Fenomena lainnya yang terjadi di Kabupaten Bener Meriah pada sebagian besar ibu-ibu yang tidak memberikan ASI eksklusif kepada bayinya terkait dengan kebiasaan ibu-ibu dengan pantangan makanan-makanan tertentu, yaitu kepercayaan tentang makanan yang apabila dikosumsi oleh ibu akan menyebabkan bayinya sakit, diyakini oleh para ibu-ibu menyusui ini terdapat kuman pada susunya, makanan yang dimaksud contohnya seperti sayur terong, udang, cumi-cumi, ikan tongkol, makanan- makanan ini dianggap pantang untuk dikosumsi oleh ibu-ibu yang sedang menyusui, bahkan ada sebagian ibu-ibu yang sedang hamil sudah melakukan pantangan makanan-makananan yang dimaksud karna takut terulang akan mengalami hal yang sama dengan bayinya kelak, dan ada yang melakukannya karna perintah dari orang tua.
Survei awal yang dilakukan terhadap 10 orang pada saat posyandu sedang berlangsung ditemukan ibu yang tidak menyusui bayinya secara eksklusif ada 5 orang dengan alasan yang sama, yaitu adanya kuman didalam air susu ibu. Adapun tingkat pendidikan ibu yang tidak memberikan ASI eksklusif adalah SMP 1 orang dan 4 orang ibu yang berpendidikan SMA, sedangkan pekerjaan mereka adalah sebagai petani, pedagang maupun PNS.
Berdasarkan latar belakang diatas maka penulis tertarik untuk mengambil judul “Hubungan Sosial Budaya ibu menyusui dengan pemberian ASI eksklusif di Kabupaten Bener Meriah”.
1.2. Permasalahan
Berdasarkan uraian diatas maka permasalahan dalam penelitian ini adalah “Apakah ada hubungan Sosial Budaya (pengetahuan, nilai/ norma, keyakinan/ kepercayaan, pekerjaan, pendapatan dan sikap ibu yang mempunyai bayi Dengan Pemberian ASI Eksklusif di Kabupaten Bener Meriah”?
1.3. Tujuan Penelitian
Adapun tujuan daripada penelitian ini adalah sebagai berikut;
a. Mengetahui hubungan pengetahuan ibu yang mempunyai bayi dengan pemberian ASI eksklusif.
b. Mengetahui hubungan nilai/norma ibu yang mempunyai bayi dengan pemberian ASI eksklusif.

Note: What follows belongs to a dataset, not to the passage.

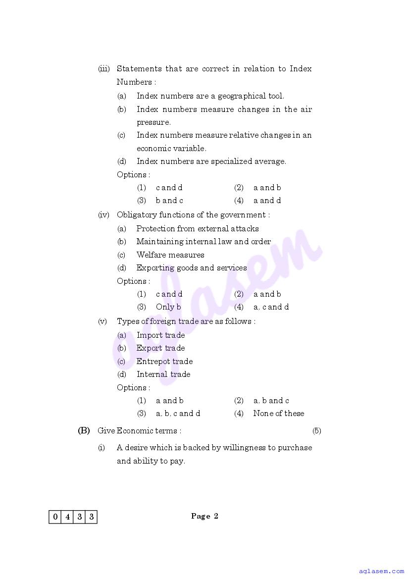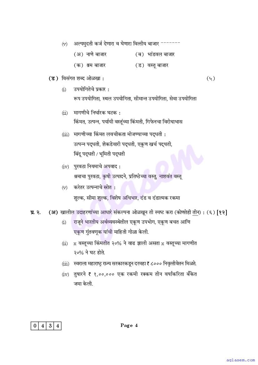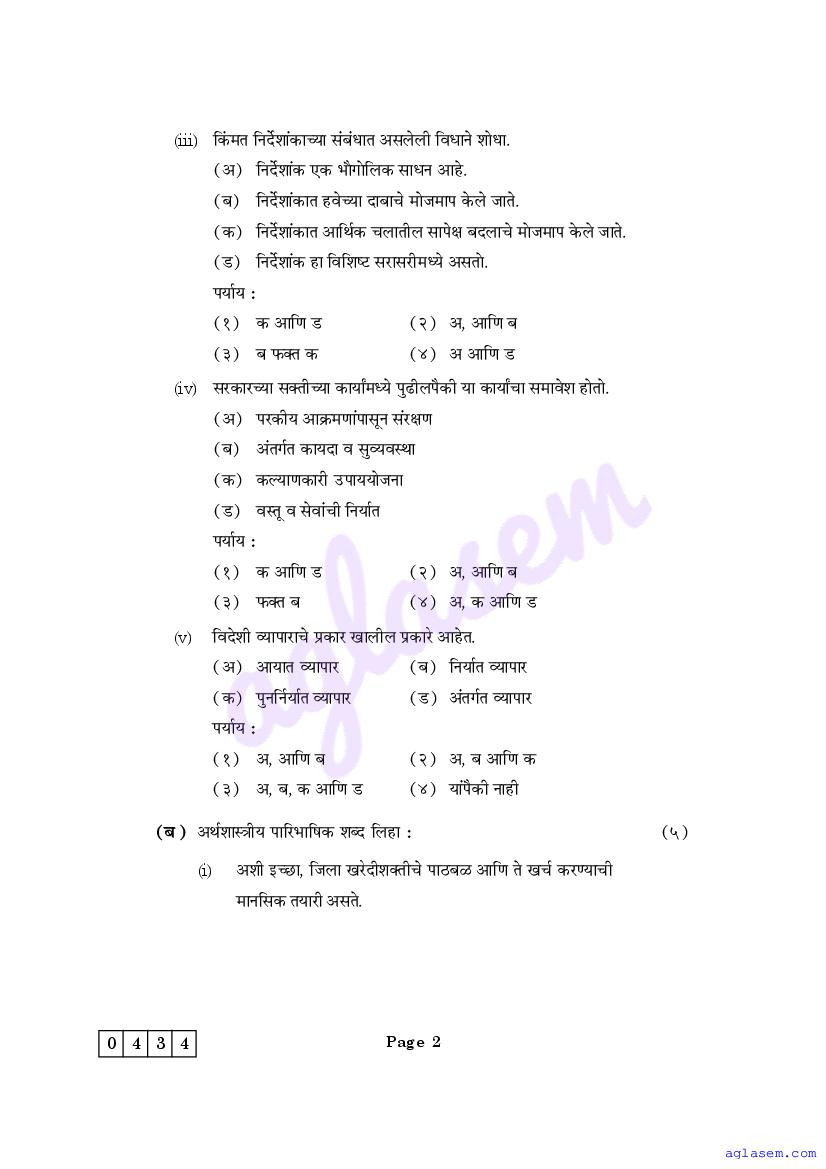The Maharashtra Board Model Sample Paper for class 12 Economics is as follows.

c. Mengetahui hubungan keyakinan/kepercayaan ibu yang mempunyai bayi dengan pemberian ASI eksklusif.
d. Mengetahui hubungan pekerjaan ibu yang mempunyai bayi dengan pemberian ASI ekslusif.
e. Mengetahui hubungan pendapatan ibu yang mempunyai bayi dengan pemberian ASI ekslusif.

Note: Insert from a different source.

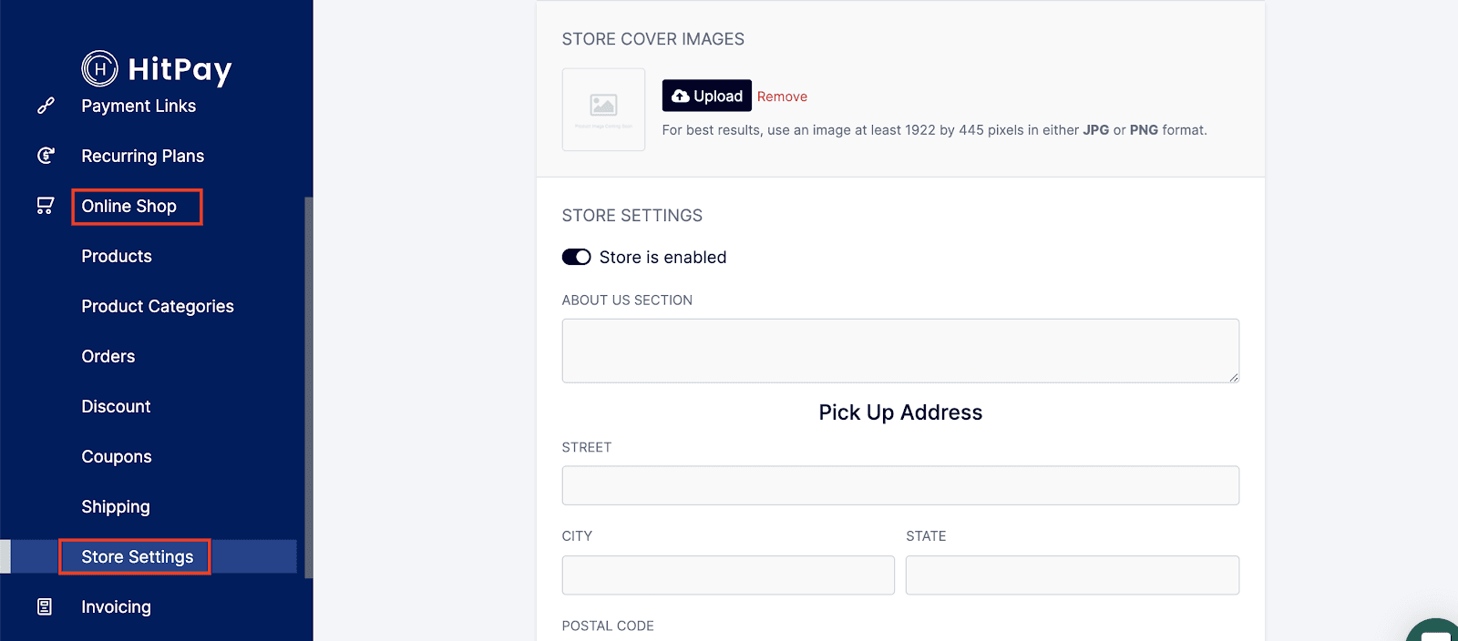 From the HitPay dashboard, navigate to Online Shop > Store Settings.

f. Mengetahui hubungan sikap ibu yang mempunyai bayi dengan pemberian ASI eksklusif.
1.4. Hipotesis
1. Ada hubungan pengetahuan ibu yang mempunyai bayi dengan pemberian ASI eksklusif.
2. Ada hubungan nilai/norma ibu yang mempunyai bayi dengan pemberian ASI eksklusif.
3. Ada hubungan keyakinan/kepercayaan ibu yang mempunyai bayi dengan pemberian ASI eksklusif.
4. Ada hubungan pekerjaan ibu yang mempunyai bayi dengan pemberian ASI eksklusif.
5. Ada hubungan pendapatan ibu yang mempunyai bayi dengan pemberian ASI eksklusif.
6. Ada hubungan sikap ibu yang mempunyai bayi dengan pemberian ASI eksklusif.
1.5. Manfaat Penelitian
Hasil penelitian ini diharapkan bermanfaat bagi;
1. Sebagai masukan bagi dinas kesehatan kabupaten Bener Meriah dalam penyusunan strategi program kesehatan ibu dan anak, khususnya upaya meningkatkan kemauan dan kemampuan ibu yang mempunyai bayi 7-12 bulan dalam pemberian ASI eksklusif.
2. Untuk memperkaya kepustakaan sebagai bahan bacaan atau studi-studi tentang perilaku dan sosial budaya.